Another study was reviewed from journal Water Research, 1976 in this a batch test in an open system was conducted for 20 days for evaluating the biodegradability of test chemical. Adapted activated sludge was used as a test inoculum obtained from a sewage plant is cultivated in a1000ml volumetric cylinder. The mixture is aerated with pressure air. Every day 200 ml of the mixture is driven off so that the sludge age is 5 days. After driving off the 200ml of the mixture aeration is interrupted, and after sedimentation ca.600ml of the liquid phase is driven off. The residue (200 ml of the thickened activated sludge) is diluted with tap water to the volume ofca.800 ml and 600 mg/l of starch or glucose, 600 mg/l of peptone, 25 ml of a phosphate buffer pH 7.2, and the solution of the tested compound are added. Then the mixture in the cylinder is made up to 1000ml with tap water and aerated for 23 h (the recirculation ratio is 0-25). After this period the procedure is repeated. Test chemical conc. used for the study was 200 mg/l based on COD. To 1000-1500ml of the biological medium such amount of the solution of the substance tested is added that the initial COD is 200 mg/l. Then such an amount of the adapted activated sludge, washed and thickened by sedimentation, is dosed to the medium that the concentration of the dry matter is 100 mg/l. simultaneously, a blank test is prepared.
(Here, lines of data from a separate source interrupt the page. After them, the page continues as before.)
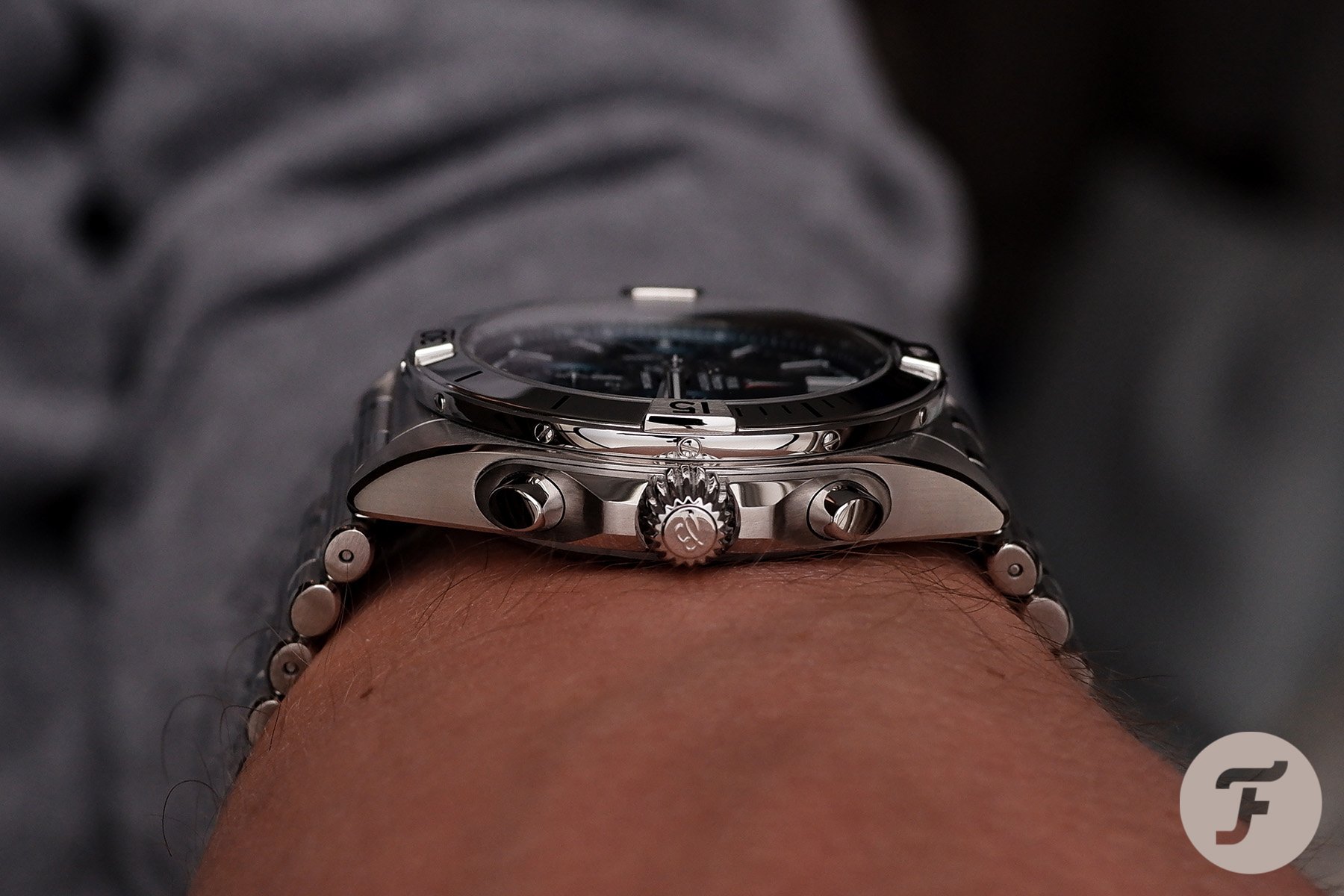 The Frecce Tricolore is the aerobatics team of the Italian Air Force, and in the early 1980s, they were searching for chronographs for their pilots. Together with the Frecce Tricolore, Breitling developed the Chronomat watch for these daring Italian aviators. In 1983, the watch for the Frecce Tricolore was born, and one year later, Breitling made the Chronomat available to the public. It was a Valjoux 7750-powered watch with the typical layout of the dial, with sub-dials at 12, 9, and 6 o’clock. More history on the Chronomat can be found here.
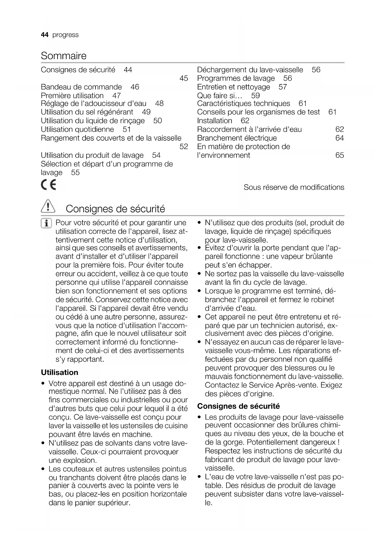 - L'eau de votre lave-vaisselle n'est pas po- table. Des résidus de produit de lavage peuvent subsister dans votre lave-vaissel- le. 44 progress• Assurez-vous que la porte du lave-vaissel- le est toujours correctement fermée lors- que vous n'êtes pas occupé à le remplir ou le vider. Vous éviterez ainsi que quelqu'un ne trébuche sur la porte ouverte et ne se blesse.
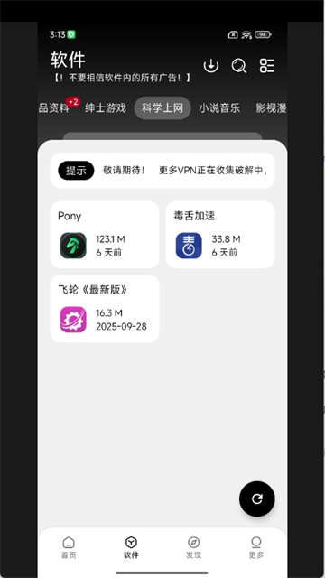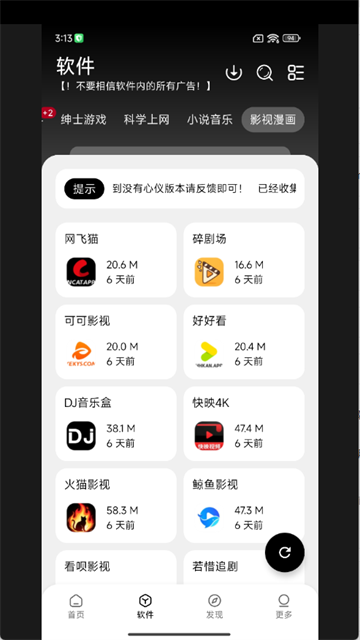 2、软件会及时更新软件资源,紧跟潮流,确保用户能够第一获取到最新、最热门的软件。
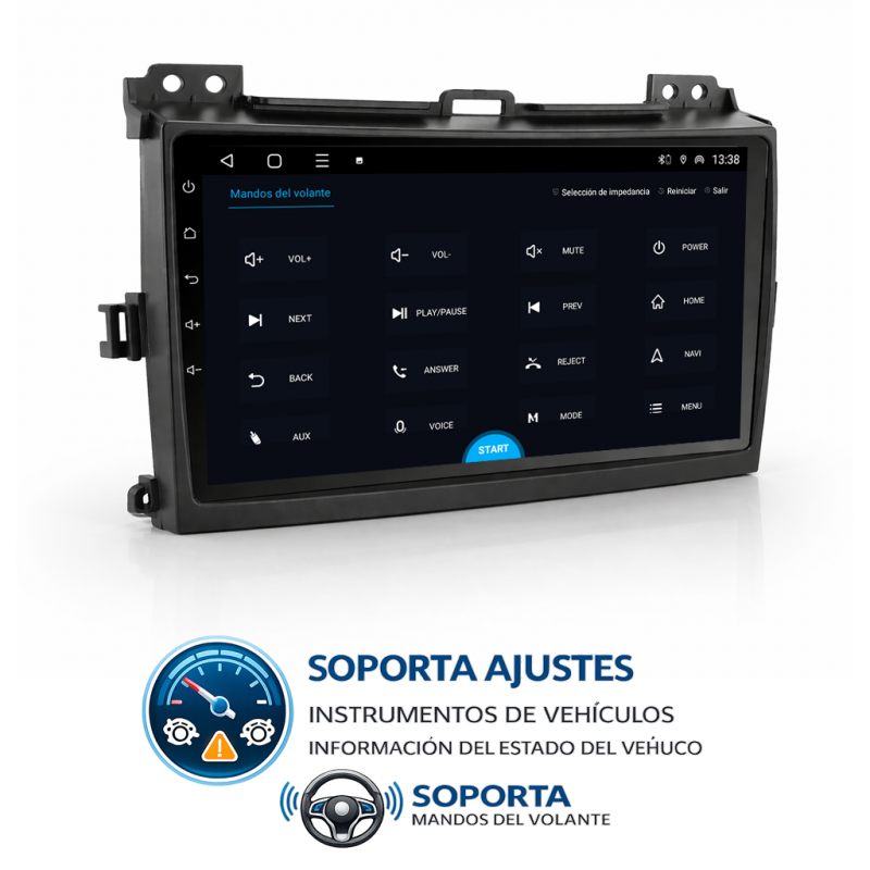 • Soporta comunicación con mandos del volante, permitiendo controlar desde la pantalla los mandos del volante en Toyota Land Cruiser.
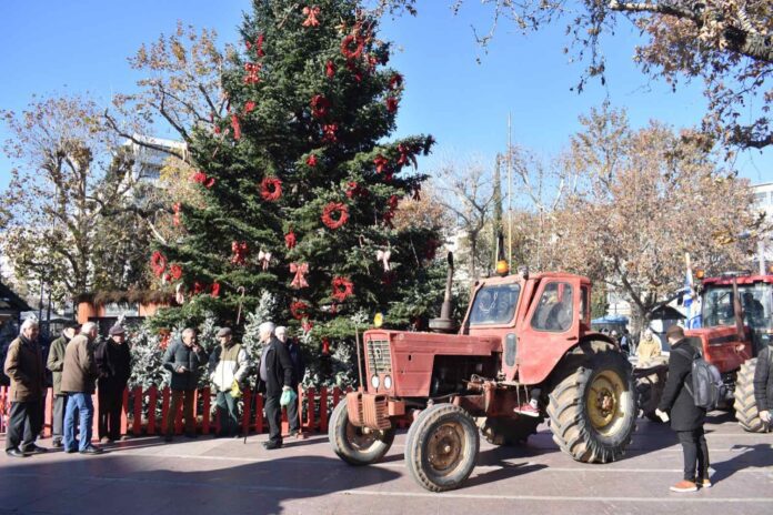 Από νωρίς το μεσημέρι της Δευτέρας (15/12), αγρότες από το μπλόκο της Νίκαιας βρέθηκαν στην Κεντρική Πλατεία Λάρισας, πραγματοποιώντας συγκέντρωση διαμαρτυρίας με την συμβολική παρουσία τρακτέρ, εκφράζοντας την αλληλεγγύη τους στους δύο συναδέλφους τους.
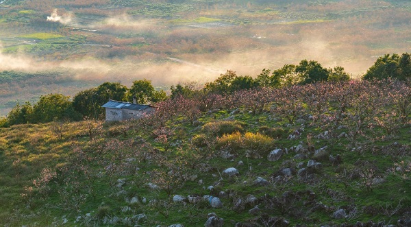 雨催驚蟄候,風作勒花開。雨水和暖風促進了萬物的蘇醒,在蒙自市文瀾街道布衣透村,遠處的薄霧和近處綻放的桃花林渲染出一幅生機勃勃的圖景。(李星 攝)
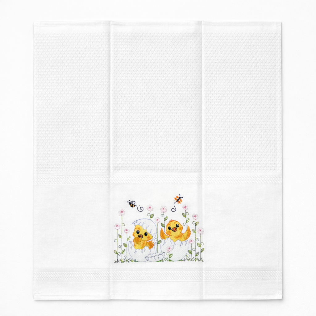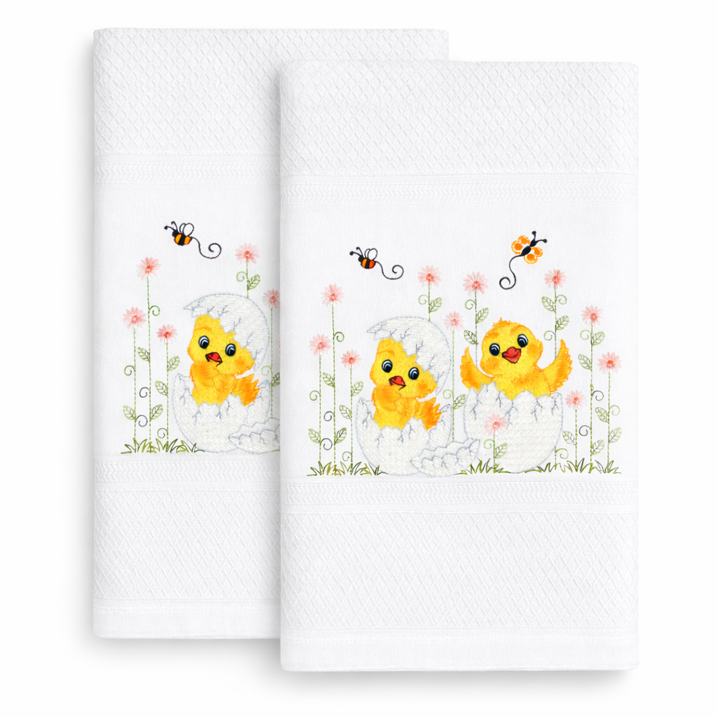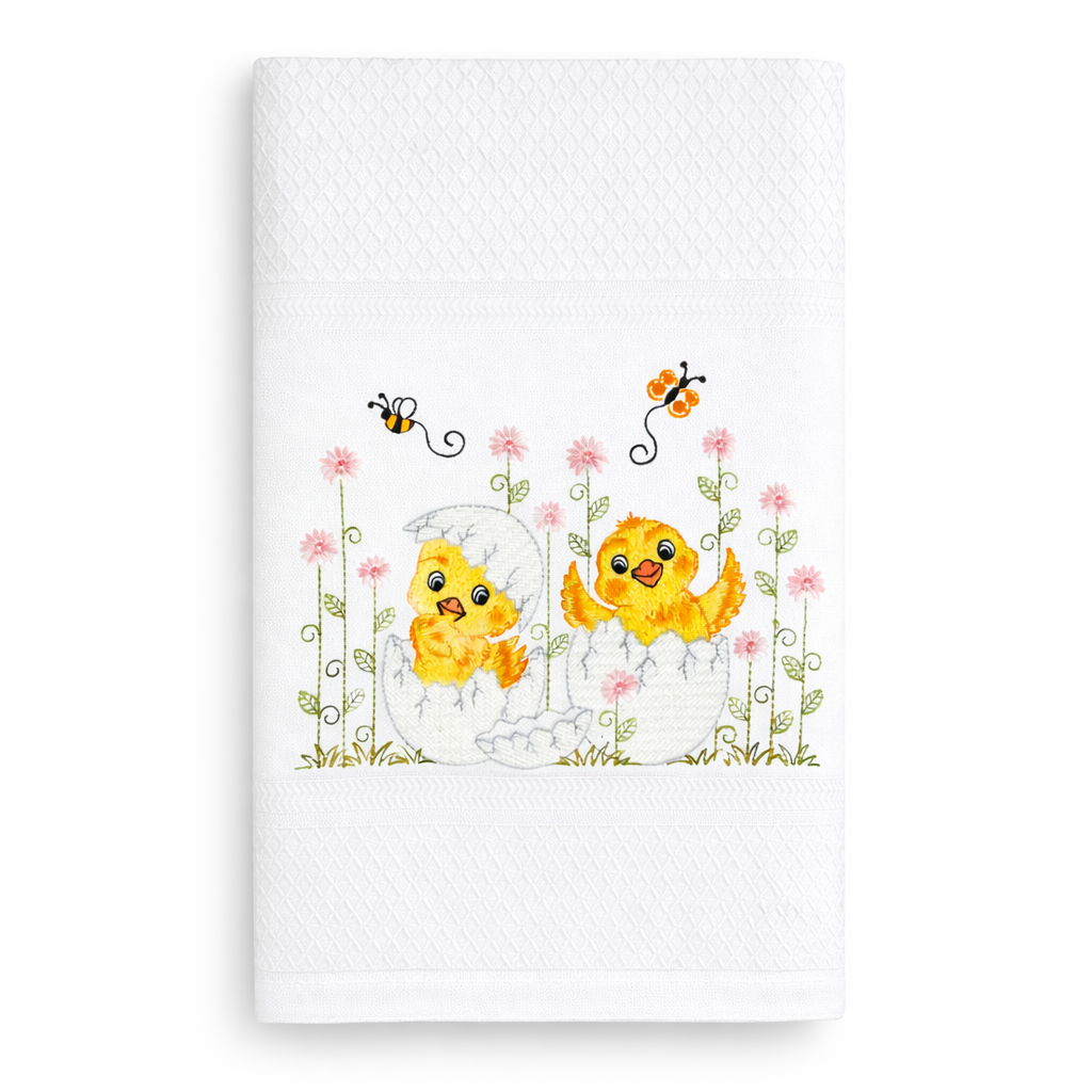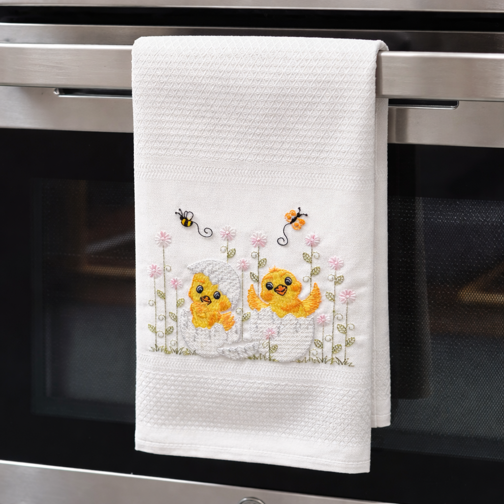 - Charming Embroidered Design: Features a beautifully detailed embroidered scene of spring chicks with delicate floral accents, adding a soft and cheerful touch to any kitchen.

The beaker is placed in a dark room with a roughly 3 constant temperature of 20±3°C on an electromagnetic stirrer and a pH of 7.2 for 120 hrs. The initial value of COD or organic carbon of the liquid phase are determined. Samples filtered or centrifuged before analysis, are taken at suitable intervals. The decrease of the tested substance in the liquid phase is evaluated by determining COD or organic carbon. The results are compared with those of a blank test and standard compound decomposition. With the degree of degradation also the average specific rate of degradation is determined, expressed in terms of mg COD (or organic carbon) removed by a gram of dry matter of the activated sludge per hour. The percentage degradation of test chemical was determined to be 96.8% by using COD removal parameter in < 20 days. Thus, based on percentage degradation, test chemical was considered to be readily biodegradable in nature.

 

By considering results of both the studies mentioned above and applying weight of evidence approach the percent biodegradation of test chemical is expected to be in range from 73.33% to 96.8% in aerobic condition and in 28 days. On the basis of this percent biodegradability test chemical is considered to be readily biodegradable.